___ SOURCE DATA ___

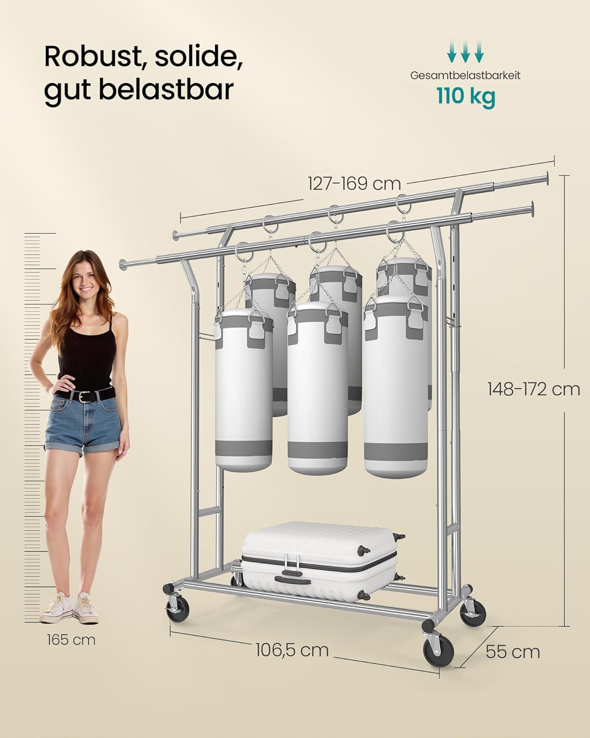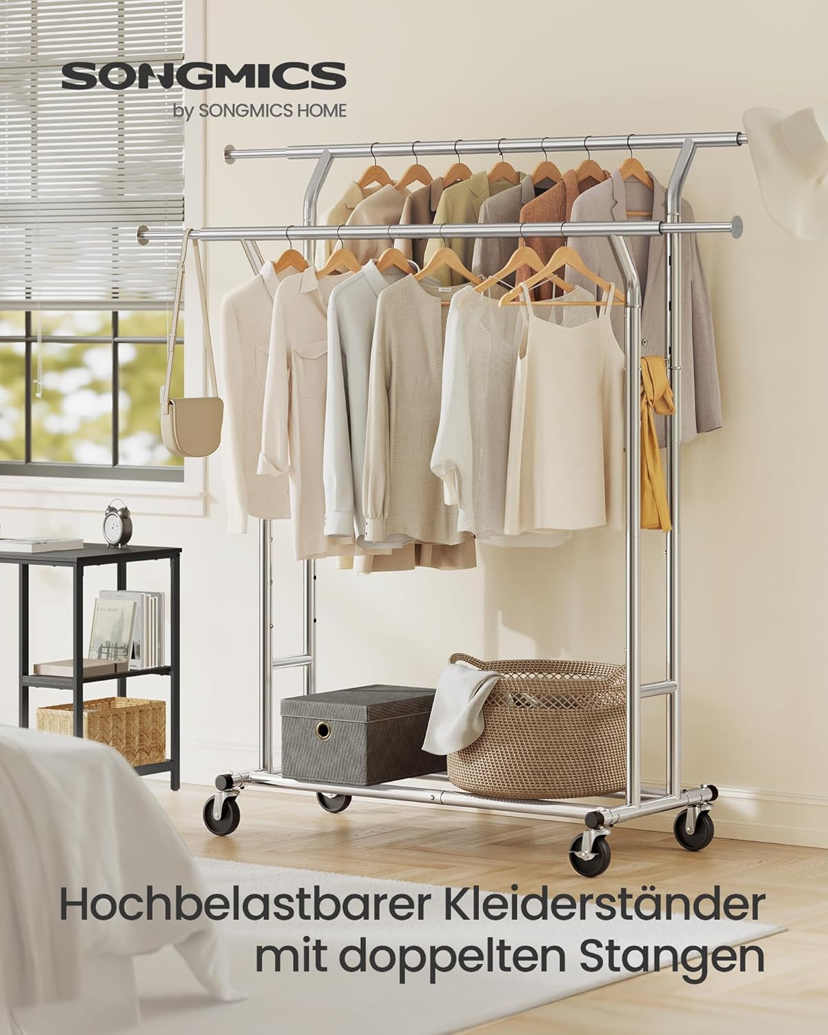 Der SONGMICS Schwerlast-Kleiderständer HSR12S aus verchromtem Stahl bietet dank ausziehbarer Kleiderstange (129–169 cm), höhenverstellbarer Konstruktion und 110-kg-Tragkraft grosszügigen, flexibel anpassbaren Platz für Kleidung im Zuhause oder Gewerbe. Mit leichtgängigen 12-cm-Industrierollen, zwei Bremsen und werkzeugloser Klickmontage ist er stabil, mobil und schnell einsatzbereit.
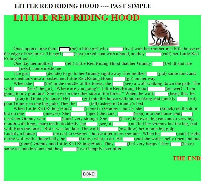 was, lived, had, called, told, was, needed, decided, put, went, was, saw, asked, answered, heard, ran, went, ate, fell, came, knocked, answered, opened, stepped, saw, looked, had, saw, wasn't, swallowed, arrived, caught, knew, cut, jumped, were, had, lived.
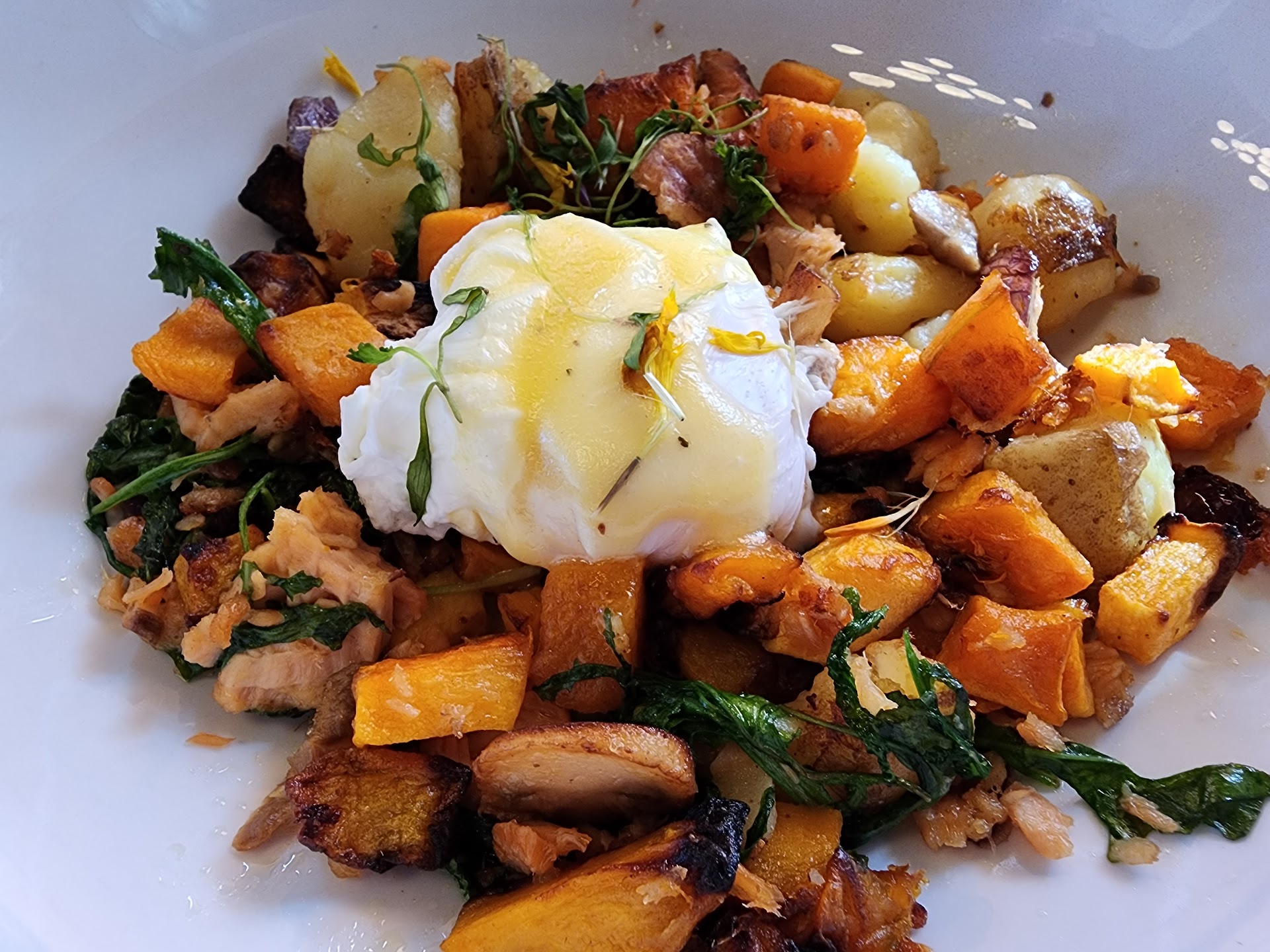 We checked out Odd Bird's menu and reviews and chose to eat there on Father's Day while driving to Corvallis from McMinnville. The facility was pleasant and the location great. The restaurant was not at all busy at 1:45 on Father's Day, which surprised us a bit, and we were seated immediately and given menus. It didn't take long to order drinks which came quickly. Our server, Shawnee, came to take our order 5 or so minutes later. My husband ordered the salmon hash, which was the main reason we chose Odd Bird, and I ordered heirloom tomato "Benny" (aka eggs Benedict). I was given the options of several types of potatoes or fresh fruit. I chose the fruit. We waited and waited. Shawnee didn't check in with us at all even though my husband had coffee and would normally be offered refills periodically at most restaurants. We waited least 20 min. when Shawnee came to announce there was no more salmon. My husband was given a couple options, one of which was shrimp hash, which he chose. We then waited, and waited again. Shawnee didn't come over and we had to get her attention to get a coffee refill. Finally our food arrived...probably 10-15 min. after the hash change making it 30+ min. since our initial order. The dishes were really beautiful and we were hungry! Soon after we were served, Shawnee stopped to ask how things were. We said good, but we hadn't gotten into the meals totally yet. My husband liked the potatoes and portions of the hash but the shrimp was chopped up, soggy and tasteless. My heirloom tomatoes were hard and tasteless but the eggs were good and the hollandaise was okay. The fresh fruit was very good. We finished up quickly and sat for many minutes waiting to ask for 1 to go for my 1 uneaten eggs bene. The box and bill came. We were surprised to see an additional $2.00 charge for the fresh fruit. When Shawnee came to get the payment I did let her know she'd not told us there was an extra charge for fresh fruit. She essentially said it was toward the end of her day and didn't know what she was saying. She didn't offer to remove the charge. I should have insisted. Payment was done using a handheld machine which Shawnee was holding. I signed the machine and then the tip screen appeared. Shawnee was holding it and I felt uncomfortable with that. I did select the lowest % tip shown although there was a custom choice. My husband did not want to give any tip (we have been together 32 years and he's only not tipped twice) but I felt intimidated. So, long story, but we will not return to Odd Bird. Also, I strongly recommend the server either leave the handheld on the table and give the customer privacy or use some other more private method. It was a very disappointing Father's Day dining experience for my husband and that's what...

___
___ SOURCE DATA ___

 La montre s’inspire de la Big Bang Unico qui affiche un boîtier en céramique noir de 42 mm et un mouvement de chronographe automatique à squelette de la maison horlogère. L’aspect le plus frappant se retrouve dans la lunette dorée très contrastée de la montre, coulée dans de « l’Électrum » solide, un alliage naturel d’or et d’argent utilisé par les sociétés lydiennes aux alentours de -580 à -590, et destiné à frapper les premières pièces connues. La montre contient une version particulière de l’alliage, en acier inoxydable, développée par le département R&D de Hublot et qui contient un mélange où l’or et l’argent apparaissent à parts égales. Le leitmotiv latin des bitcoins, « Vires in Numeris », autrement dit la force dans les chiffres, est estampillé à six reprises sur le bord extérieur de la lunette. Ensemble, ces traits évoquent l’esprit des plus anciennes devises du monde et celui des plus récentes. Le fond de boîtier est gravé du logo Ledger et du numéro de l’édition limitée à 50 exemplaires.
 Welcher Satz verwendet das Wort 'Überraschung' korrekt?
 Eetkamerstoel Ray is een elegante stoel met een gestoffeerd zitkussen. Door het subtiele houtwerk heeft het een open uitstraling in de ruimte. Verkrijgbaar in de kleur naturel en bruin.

___

INSTRUCTIONS TO FOLLOW =>
Output exactly the lines of the material above from the one containing "La montre s’inspire" up to and including the one containing "Eetkamerstoel Ray is".

WRITTEN RESPONSE =>
 La montre s’inspire de la Big Bang Unico qui affiche un boîtier en céramique noir de 42 mm et un mouvement de chronographe automatique à squelette de la maison horlogère. L’aspect le plus frappant se retrouve dans la lunette dorée très contrastée de la montre, coulée dans de « l’Électrum » solide, un alliage naturel d’or et d’argent utilisé par les sociétés lydiennes aux alentours de -580 à -590, et destiné à frapper les premières pièces connues. La montre contient une version particulière de l’alliage, en acier inoxydable, développée par le département R&D de Hublot et qui contient un mélange où l’or et l’argent apparaissent à parts égales. Le leitmotiv latin des bitcoins, « Vires in Numeris », autrement dit la force dans les chiffres, est estampillé à six reprises sur le bord extérieur de la lunette. Ensemble, ces traits évoquent l’esprit des plus anciennes devises du monde et celui des plus récentes. Le fond de boîtier est gravé du logo Ledger et du numéro de l’édition limitée à 50 exemplaires.
 Welcher Satz verwendet das Wort 'Überraschung' korrekt?
 Eetkamerstoel Ray is een elegante stoel met een gestoffeerd zitkussen. Door het subtiele houtwerk heeft het een open uitstraling in de ruimte. Verkrijgbaar in de kleur naturel en bruin.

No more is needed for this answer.